Message Reference

Complete reference for all client and server messages in the VoiceRun Transcribe WebSocket API.

Client Messages#

session.update#

Configure the transcription session. Send this after receiving session.created.

Field	Type	Required	Description
`session.model`	string	Yes	STT model (e.g., "nova-3", "gpt-4o-transcribe")
`session.provider`	string	Yes	Provider: "DEEPGRAM", "OPENAI", "CARTESIA", "QWEN3"
`session.language`	string	No	BCP-47 language code. Default: "en". Use "multi" for auto-detect
`session.prompt`	string	No	Transcription hint (keywords for Deepgram, context prompt for OpenAI)
`session.input_audio_format`	string	No	Audio encoding: "pcm16" (default) or "mulaw"
`session.sample_rate`	integer	No	Sample rate in Hz.
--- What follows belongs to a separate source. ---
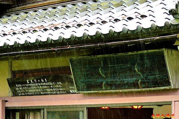 在岩見重太郎為父親報仇之處,一般遊客很容易忽略了旁邊的房子,這棟房子以前是一所茶屋-「磯清水亭」,現在出租當辦公處所,但很少開門。如果抬頭望這棟房屋的屋簷,可以發現門上屋簷下方有一塊「岩見刀之由來」的說明牌,說明牌旁邊有一對長短武士刀,據說岩見重太郎為父報仇後,報仇用的刀一直被存放在前方的「天橋立神社」,但是後來因戰亂而不知去向,所以「磯清水亭」的主人便以木頭重製了這對刀,並安置在門上的屋簷處,經過時別忘了抬頭看看。

Default: 16000

{
  "type": "session.update",
  "session": {
    "model": "nova-3",
    "provider": "DEEPGRAM",
    "language": "en",
    "prompt": "insurance, policy, premium",
    "input_audio_format": "pcm16",
    "sample_rate": 16000
  }
}

audio.append#

Send an audio chunk for transcription. Audio must be base64-encoded.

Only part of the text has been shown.